Léon Charles as Haiti’s Ambassador to the OAS in Washington, DC with the body’s secretary general, Luis Almagro.

But a year later, Washington was disenchanted. Five months of secret U.S. Embassy cables from March to July 2005, obtained by the publisher WikiLeaks, provide a candid glimpse into the dealings Charles had with U.S. officials. They reveal a resigned but strained relationship between the police chief and his U.S. handlers.

“We have been equally frustrated with the HNP’s inability to deliver on even the simplest of agreements,” complained Ambassador James Foley in a Jun. 7, 2005 secret cable after meeting with the UN Civilian Police (CIVPOL) force’s Canadian chief, David Beer, who was unhappy with the HNP. “Although Léon Charles remains the best among an uncertain list of alternatives, he is not well served by his deputies and is not entirely in control of the police force.”

“It remains difficult to get the HNP to conduct regular joint patrols with CIVPOL.”

“Clearly frustrated and fatigued,” Beer told Foley that the HNP’s collaboration with CIVPOL was not working. “Beer explained that his plans for HNP deployment along with CIVPOL have been stymied for months. He said CIVPOL had drafted a detailed plan in March for HNP deployment by station and rank up through 2006. Despite professed agreement by the HNP, however, the plan has not been put into practice… It remains difficult to get the HNP to conduct regular joint patrols with CIVPOL. Beer said, for example, that he has insisted that the Crowd Control Unit (CIMO) not be deployed without a CIVPOL escort, but the agreement is often ignored in practice,” resulting in several clashes where HNP officers fatally shot demonstrators (and sometimes vice versa).

Meanwhile, kidnapping was raging in Haiti, and Beer had proposed a “CIVPOL-HNP Joint Command Center (JCC) [which] might help jump-start cooperation with the HNP.” But after CIVPOL spent four months putting the JCC together, the HNP “suddenly scuttled the project” and a similar “special MINUSTAH-HNP Joint Anti-Kidnapping Unit created recently… has already foundered, Beer said. He claimed that after a few days the HNP officers assigned stopped coming and stopped sharing information.”

“Beer suggested that corruption, even in these special units, was endemic and that Charles was unwilling or unable to discipline or arrest officers that everybody knows are corrupt and colluding with the kidnappers,” Foley reported to Washington.

Neutralizing the “Bandits”

But Charles’ biggest chafe with Washington was over how to deal with Cité Soleil and Belair, two of Port-au-Prince’s most rebellious and heavily armed neighborhoods from which the “urban guerrilla war” was being waged by anti-coup, anti-occupation, pro-Aristide popular organizations which U.S. officials called “gangs” or “bandits.”

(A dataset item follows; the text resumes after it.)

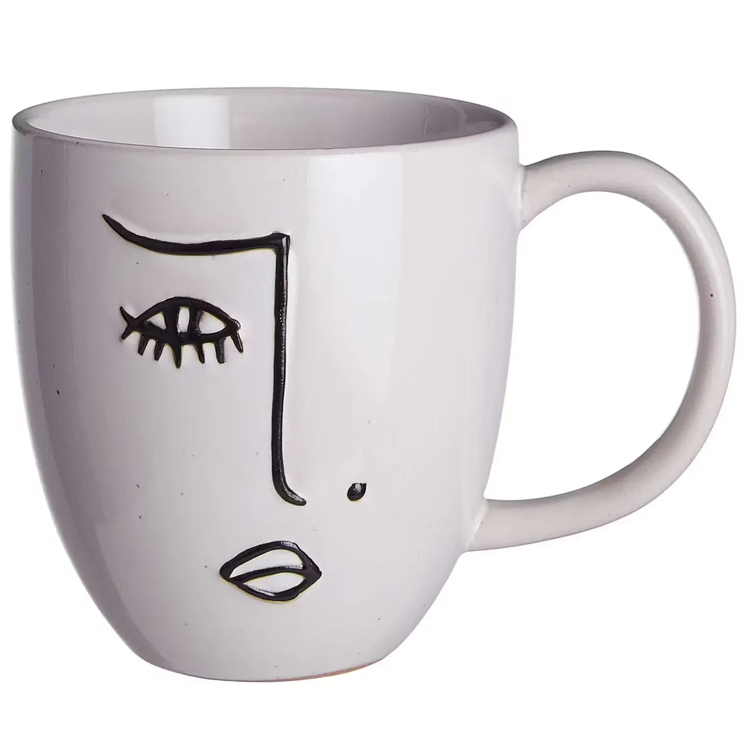 Trendig trinken: Die Line Art Tasse mit Gesicht aus Steinzeug greift das angesagte Line Art Design auf. Dank klassischem Schwarz-Weiß und minimalistischem Look ist die moderne Tasse leicht zu kombinieren, zum Beispiel mit Geschirr mit reaktiver Glasur. So bringen Sie ganz einfach immer wieder Abwechslung auf den gedeckten Tisch.

Charles wanted Washington to give him or allow him to buy more heavy weapons to combat rebels. He also wanted the MINUSTAH and CIVPOL troops, not the HNP, to take the lead in making incursions into Cité Soleil, in particular. He complained that “though MINUSTAH forces were better equipped and trained, MINUSTAH had insisted that the HNP be the first responder and the first to draw fire.”

In a Mar. 30, 2005 secret cable, Foley related a Mar. 27 meeting in which “Charles described a joint MINUSTAH/HNP operation in Cite Soleil to control access into and out of the area for two weeks beginning March 31. The mission will establish checkpoints and provide a base for smaller operations inside the dense slum area to try to root out gang leaders, particularly Dred Wilme…”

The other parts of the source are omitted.